[DATASET RECORDS]
┌──

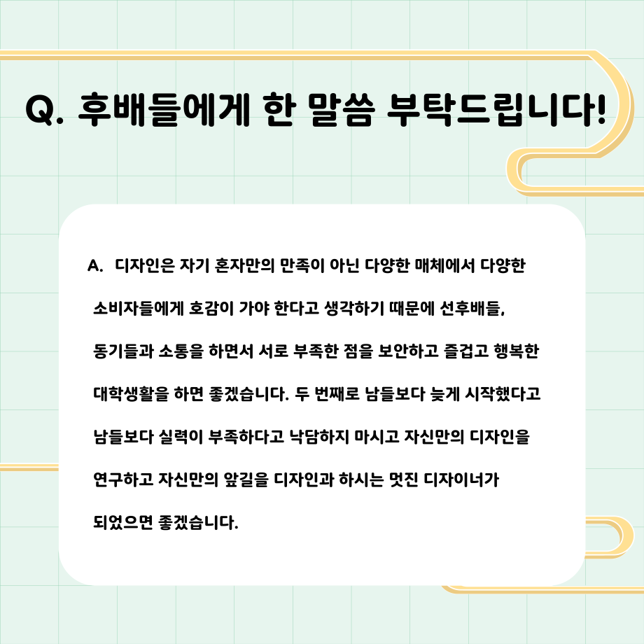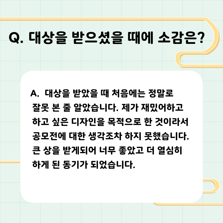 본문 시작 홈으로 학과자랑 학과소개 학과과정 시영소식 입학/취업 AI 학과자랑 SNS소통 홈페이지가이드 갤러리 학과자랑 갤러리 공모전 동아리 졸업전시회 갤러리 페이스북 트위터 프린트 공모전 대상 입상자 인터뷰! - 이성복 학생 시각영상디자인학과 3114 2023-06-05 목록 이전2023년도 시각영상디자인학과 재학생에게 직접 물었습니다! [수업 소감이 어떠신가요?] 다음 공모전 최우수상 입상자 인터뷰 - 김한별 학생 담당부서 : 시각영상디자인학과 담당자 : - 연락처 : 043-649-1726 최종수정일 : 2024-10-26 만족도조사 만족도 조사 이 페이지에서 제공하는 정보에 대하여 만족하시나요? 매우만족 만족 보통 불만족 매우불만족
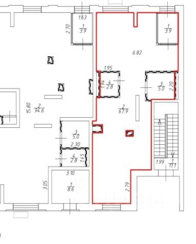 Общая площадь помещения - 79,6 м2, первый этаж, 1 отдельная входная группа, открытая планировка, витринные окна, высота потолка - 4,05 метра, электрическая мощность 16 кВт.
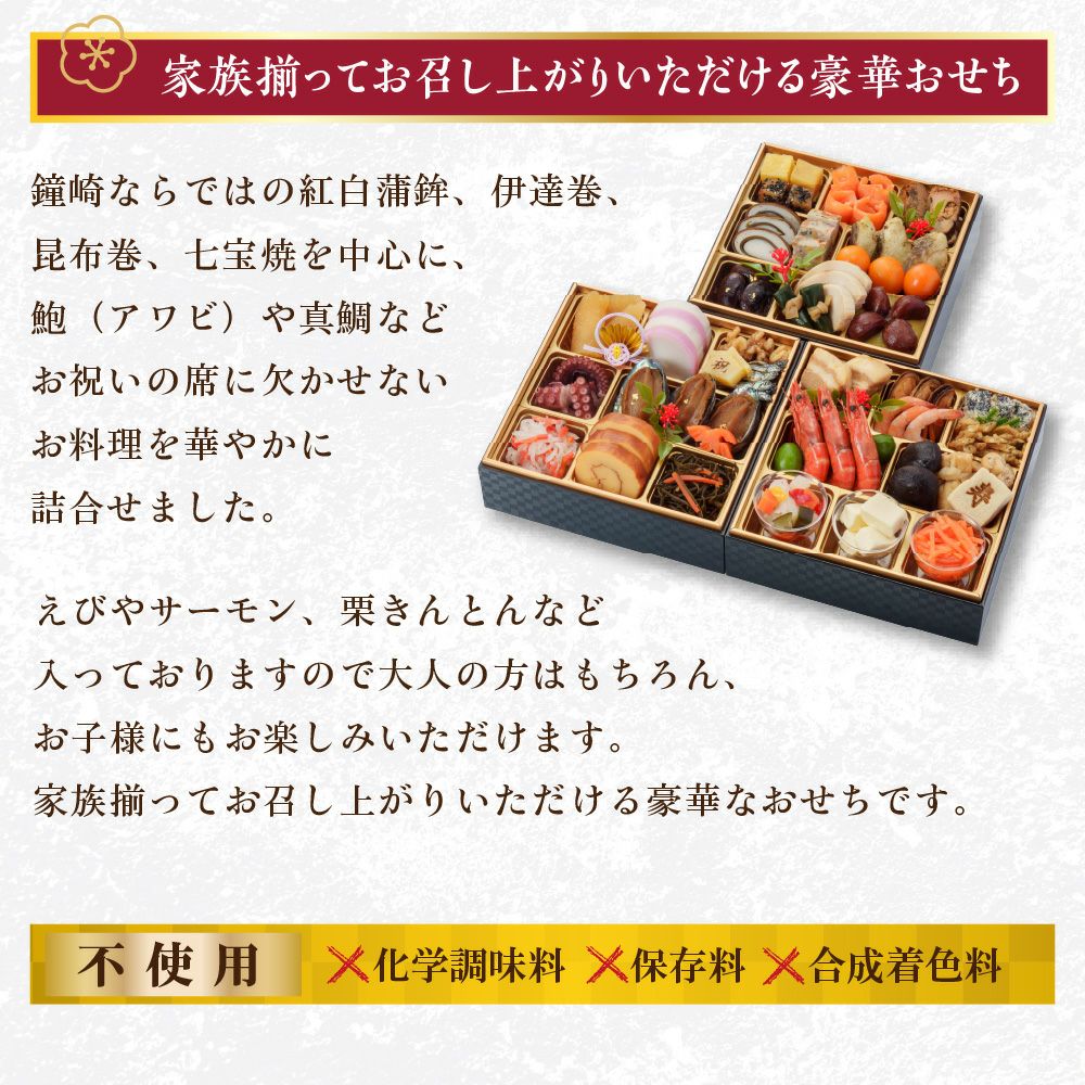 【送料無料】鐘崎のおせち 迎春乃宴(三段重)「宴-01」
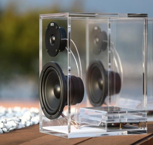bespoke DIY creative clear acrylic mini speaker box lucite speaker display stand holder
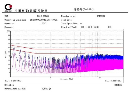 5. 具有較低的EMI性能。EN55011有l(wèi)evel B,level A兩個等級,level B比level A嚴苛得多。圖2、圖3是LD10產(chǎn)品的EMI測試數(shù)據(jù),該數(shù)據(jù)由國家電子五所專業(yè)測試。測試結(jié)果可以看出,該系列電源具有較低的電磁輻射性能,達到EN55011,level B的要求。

└──
┌──

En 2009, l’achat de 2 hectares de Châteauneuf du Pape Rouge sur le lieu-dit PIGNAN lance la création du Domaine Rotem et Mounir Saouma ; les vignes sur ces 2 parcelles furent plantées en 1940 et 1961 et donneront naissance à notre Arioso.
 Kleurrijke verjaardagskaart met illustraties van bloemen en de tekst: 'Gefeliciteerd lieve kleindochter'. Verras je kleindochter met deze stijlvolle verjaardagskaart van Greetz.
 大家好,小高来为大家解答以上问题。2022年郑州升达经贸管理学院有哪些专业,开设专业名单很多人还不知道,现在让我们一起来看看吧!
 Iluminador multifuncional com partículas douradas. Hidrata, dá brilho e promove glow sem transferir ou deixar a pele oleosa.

└──
┌──

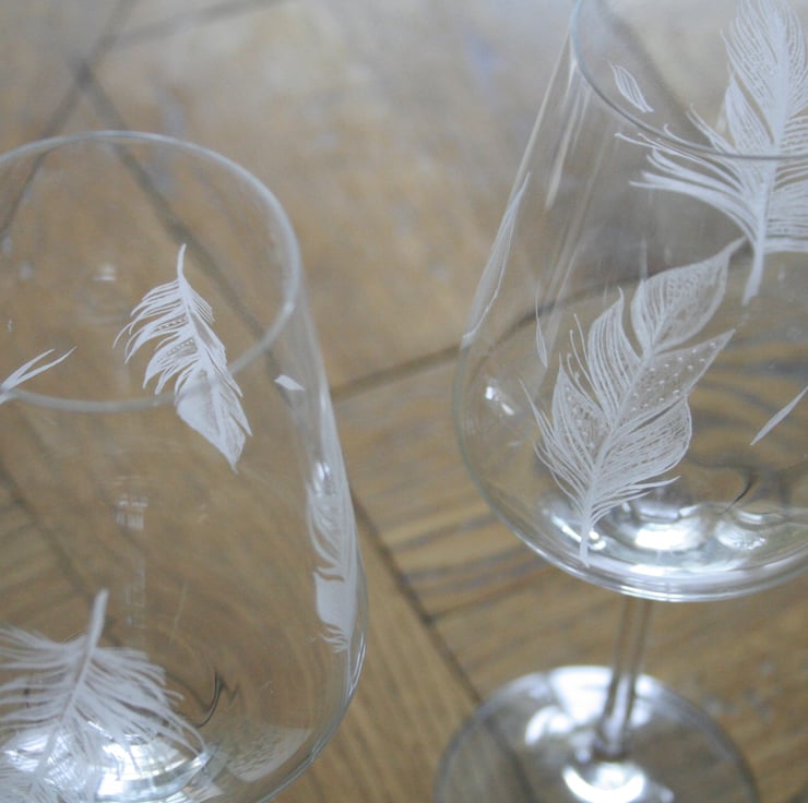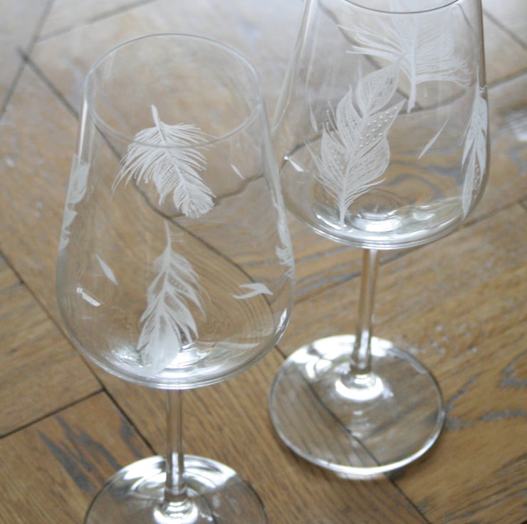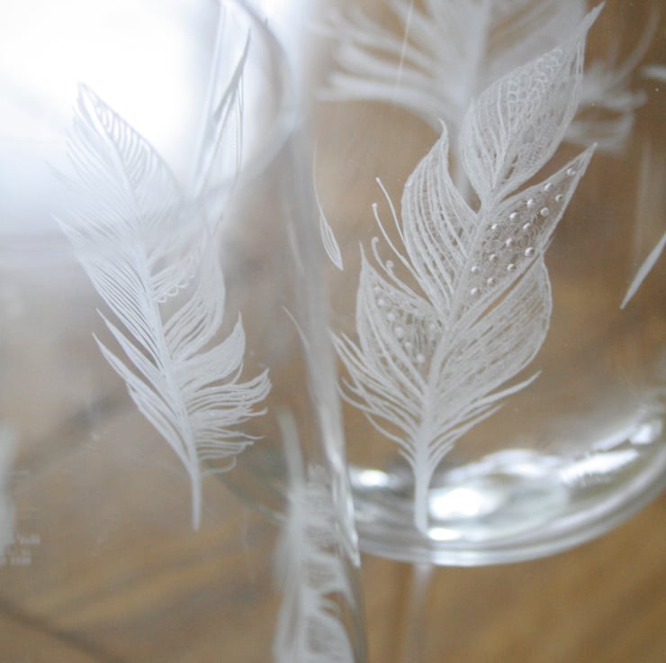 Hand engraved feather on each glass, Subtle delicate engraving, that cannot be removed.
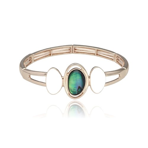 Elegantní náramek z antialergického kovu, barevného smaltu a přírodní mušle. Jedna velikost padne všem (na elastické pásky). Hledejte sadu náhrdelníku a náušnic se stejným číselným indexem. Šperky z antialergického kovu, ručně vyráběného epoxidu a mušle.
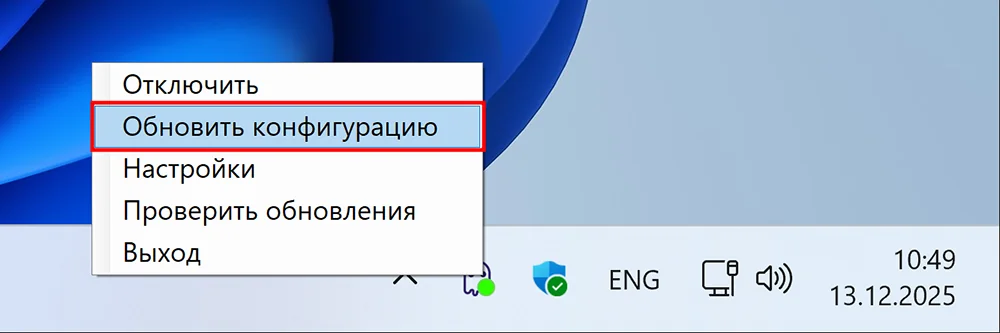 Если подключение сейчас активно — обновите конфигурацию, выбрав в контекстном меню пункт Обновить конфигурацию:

└──

[TASK DESCRIPTION] What are the lines above from the one with "본문 시작 홈으로 학과자랑" to the one with "5. 具有較低的EMI性能。EN55011有l(wèi)evel B,level", both included? Reproduce them exactly, without pictures.

[RESPONSE BELOW]
 본문 시작 홈으로 학과자랑 학과소개 학과과정 시영소식 입학/취업 AI 학과자랑 SNS소통 홈페이지가이드 갤러리 학과자랑 갤러리 공모전 동아리 졸업전시회 갤러리 페이스북 트위터 프린트 공모전 대상 입상자 인터뷰! - 이성복 학생 시각영상디자인학과 3114 2023-06-05 목록 이전2023년도 시각영상디자인학과 재학생에게 직접 물었습니다! [수업 소감이 어떠신가요?] 다음 공모전 최우수상 입상자 인터뷰 - 김한별 학생 담당부서 : 시각영상디자인학과 담당자 : - 연락처 : 043-649-1726 최종수정일 : 2024-10-26 만족도조사 만족도 조사 이 페이지에서 제공하는 정보에 대하여 만족하시나요? 매우만족 만족 보통 불만족 매우불만족
 Общая площадь помещения - 79,6 м2, первый этаж, 1 отдельная входная группа, открытая планировка, витринные окна, высота потолка - 4,05 метра, электрическая мощность 16 кВт.
 【送料無料】鐘崎のおせち 迎春乃宴(三段重)「宴-01」
bespoke DIY creative clear acrylic mini speaker box lucite speaker display stand holder
 5. 具有較低的EMI性能。EN55011有l(wèi)evel B,level A兩個等級,level B比level A嚴苛得多。圖2、圖3是LD10產(chǎn)品的EMI測試數(shù)據(jù),該數(shù)據(jù)由國家電子五所專業(yè)測試。測試結(jié)果可以看出,該系列電源具有較低的電磁輻射性能,達到EN55011,level B的要求。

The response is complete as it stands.